Under the hood, PyMC is constructing computational graphs (provided by PyTensor) that express the various calculations needed to do sampling, etc. In this graph, there are nodes that represent operations, nodes that represent data (e.g., observations), etc. The deep dive into how PyMC uses PyTensor can be found here. For prettier visualizations of the computational graphs, you can check out the d3viz functionality provided by PyTensor.

Hm. I suppose it would make more sense for the documentation examples you posted to be referring to graph depicted in the graphviz representation. Either way, nodes are more than just the visualization (the visualizations just visualize the underlying computational graph in one way or another). Maybe it helps to know that, for any PyMC model, you can ask for model.named_vars, model.observed_RVs, model.observed_RVs, and model.deterministics. Each gives a subset of what node might be referring to. @ricardoV94 might have a more detailed answer.

The use of the word “node” in the docs probably comes from the autodiff literature, not from statistics at all. I found these course notes from a French deep learning program that just use the word “nœud”, which i guess is correct from a graph-theoretical perspective but not really very illuminating. The french wikipedia entry for automatic differentiation also uses “nœud”.

Strictly speaking, “node” should refer to any vertex on the computational directed acyclic graph that represents your model, flowing from definition of variables to the final log-likelihood value. These can be variables, numbers, operations, or (in the case of pytensor) random variables. You can see some examples of the types of full computational graphs that PyMC generates for you automatically here – a “node” is just anything on that graph.

Practically speaking, I think you could just find-replace “node” with “variable” in the examples you posted from the docs. It wouldn’t be perfect (“deterministic variable” seems like an oxymoron) but at least IMO it makes more intuitive sense.

Well, thanks to all, but it still seems a little weird to me - but maybe I’m being too picky - that the word “node” isn’t more precisely defined.

Fox example, some quotes come from PyMC Documentation where
the word “node” is used many times.

Another one come from PyMC3 Doc. This one, as an example, corresponds to the quote: Here, we will implement a general routine to draw samples from the observed nodes of a model.

So, suppose someone reads in some doc: from the observed nodes of a model, what comes spontaneously to his mind, regarding nodes?

And if someone, next to him, then asks him: "what does the guy mean by observed nodes"?, what could be his answer? Maybe something like: “oh, he just wants to talk about…”? (about what?)

Well, I fully understand that these kinds of questions are not essential and I wouldn’t want to bother you with that; it’s just that I’ve come across this term quite often, and I would have appreciated knowing exactly what people are talking about. That’s all…
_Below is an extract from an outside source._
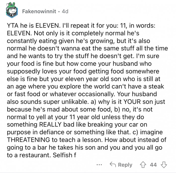 Mother Gets Schooled By Reddit After Complaining About Her 11-Year-Old Son Eating His Dad's Expensive Food Leftovers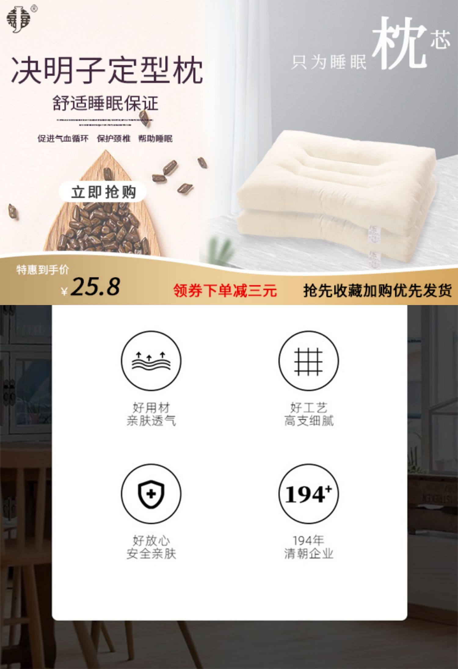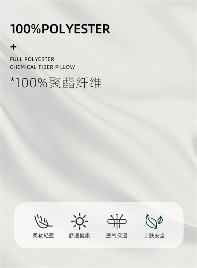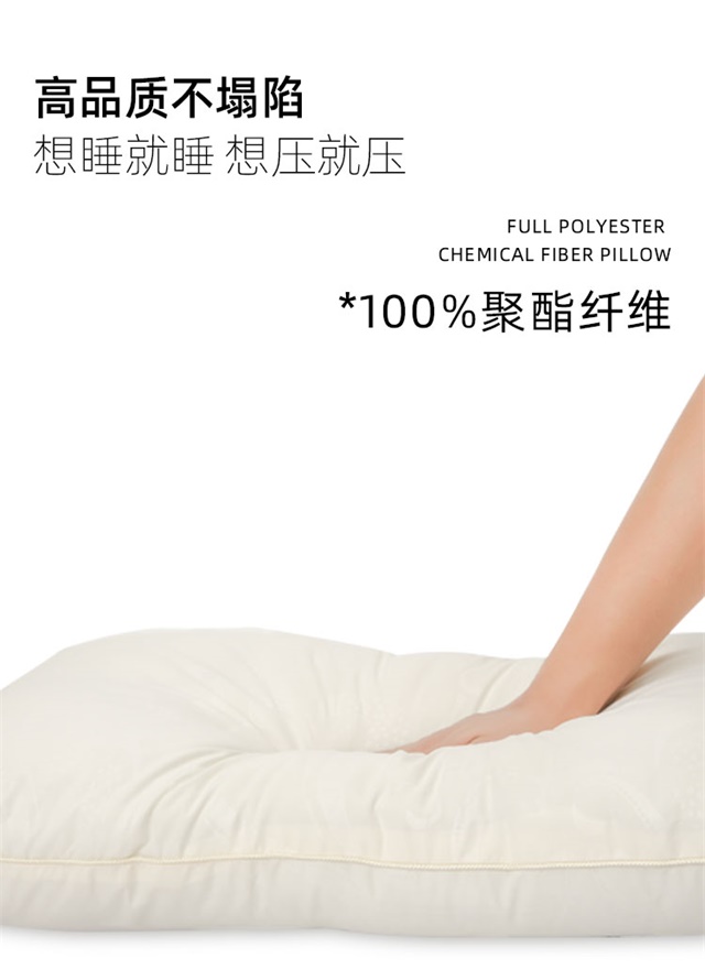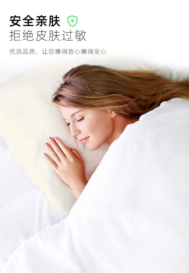 护颈亲肤舒适,按压回弹不变形,甄选纯面料,亲肤,透气排汗吸湿,蓬松柔软,贴合颈部曲线,舒服护颈,提高睡眠质量

I think part of the issue is that terms like “variable”, “parameter”, and “random variable” are often used/useful, but you can’t use any of them universally. For example, it’s a bit odd to talk about “observed parameters”. But “observed variable” is ok. The “problem” is that, behind the scenes, PyMC doesn’t really care too much about the differences between these distinct concepts. Whether a node is observed or not is important, but otherwise can be “the same kind of thing” computationally.

The term “node” comes from the graphical models literature, whereby graphs are composed of nodes connected by edges. We use it as a general term that would include observed and unobserved random variables, deterministics, or factor potentials in the model DAG.

If you feel so inclined, please create an issue to have it added to the glossary, along with anything else you find that seems poorly-(or un-) defined.

Thank you for entering the discussion, because this term is indeed widely used in your document PyMC Documentation which I quoted above.

I think I know have a sufficiently clear explanation, with all the remarks provided, on this term node, which remained previously so ambiguous for me…

And finally, I thank you for your advice, but I don’t know how to create a issue; I still don’t feel very comfortable with the features of discourse.pymc.io.

Note that this pymc3-testing url hosts docs generated from a fork that is years outdated and is completely independent of the PyMC project (like all forks). I’d recommend reading the official docs, discourse and up to date blogs, not the content there.